Washington lands commissioner wary of federal plan to kill owls
Washington Public Lands Commissioner Hilary Franz is voicing skepticism about a federal proposal to kill thousands of barred owls in the Pacific Northwest to help the threatened northern spotted owl.
Franz wrote in a letter sent this week to Interior Secretary Deb Haaland that she’s concerned about “unintended consequences” and that the plan “could be unworkable given the scale of the overlapping habitat for barred owls and spotted owls.”
The U.S. Fish and Wildlife is proposing to kill about 500,000 barred owls, living on millions of acres of land between California and Washington, over three decades.
Hunters would shoot the owls with shotguns in most cases, according to a draft environmental impact statement released in November.
“The Commissioner doesn’t oppose the plan but has concerns about the cost, the scope, and potential impacts to habitat,” Franz spokesman Michael Kelly said in an email on Thursday.
He also said Franz isn’t convinced the plan represents a solution to reducing threats to the spotted owl that’s “viable, affordable, or achievable.”

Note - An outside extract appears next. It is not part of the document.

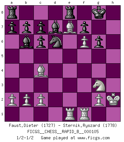 Last move : 1/2-1/2 2008 October 30 7:44:13 [Event "FICGS__CHESS__RAPID_B__000105"] [Site "FICGS"] [Date "2008.10.09"] [Round "1"] [White "Faust,Dieter"] [Black "Sternik,Ryszard"] [Result "1/2-1/2"] [WhiteElo "1727"] [BlackElo "1778"] 1.e4 e5 2.Nf3 Nc6 3.d4 exd4 4.Nxd4 Bc5 5.Nxc6 Qf6 6.Qd2 dxc6 7.Nc3 Bd4 8.Bd3 Ne7 9.O-O Ng6 10.Kh1 Ne5 11.f4 Ng4 12.h3 Qh4 13.Ne2 Nf2+ 14.Kh2 Bc5 15.f5 O-O 16.Qg5 Qxg5 17.Bxg5 Re8 18.Rae1 Nxe4 19.Ng3 Nd6 20.Be7 Bd7 21.f6 g6 22.h4 Bb6 23.h5 Nc8 24.hxg6 hxg6 25.Bc4 Nd6 26.Bd3 Nc8 27.Bc4 Nd6 1/2-1/2 Scotch game Kingside Castling by player White (move 9) Kingside Castling by player Black (move 15) This chess game ended in a draw. Follow this game move after move (download)There just isn't enough televised Chess. (David Letterman) Ein guter Spieler hat immer Glück. (José Raúl Capablanca) Con el tiempo, empecé a progresar en partidas decisivas. Tal vez porque me di cuenta de una simple verdad: no solo estaba yo nervioso sino también mi oponente. (Mikhail Tal) Des points faibles ou des trous dans la position de l'adversaire doivent être occupés par des pièces et non pas par des pions. (Siegbert Tarrasch) The difference between stupidity and genius is that genius has its limits. (Murphy)

Franz, who is also running for a U.S. House seat in Western Washington, asked to meet with Department of Interior staff but had not received a response from Haaland as of Thursday.
The U.S. Fish and Wildlife Service in November sought public comment on its draft barred owl management plan, noting that the owls are prolific hunters that decades ago moved beyond their traditional range in the eastern U.S., into western forests.
This leaves them competing against northern spotted owls, the species known for its central role in the battles in the 1980s and 1990s over logging Northwest forests. The Fish and Wildlife Service plan also aims to prevent barred owl incursions into California spotted owl habitat.
Washington state designated the spotted owl as endangered in 1988 and the federal government listed the bird as threatened under the Endangered Species Act in 1990.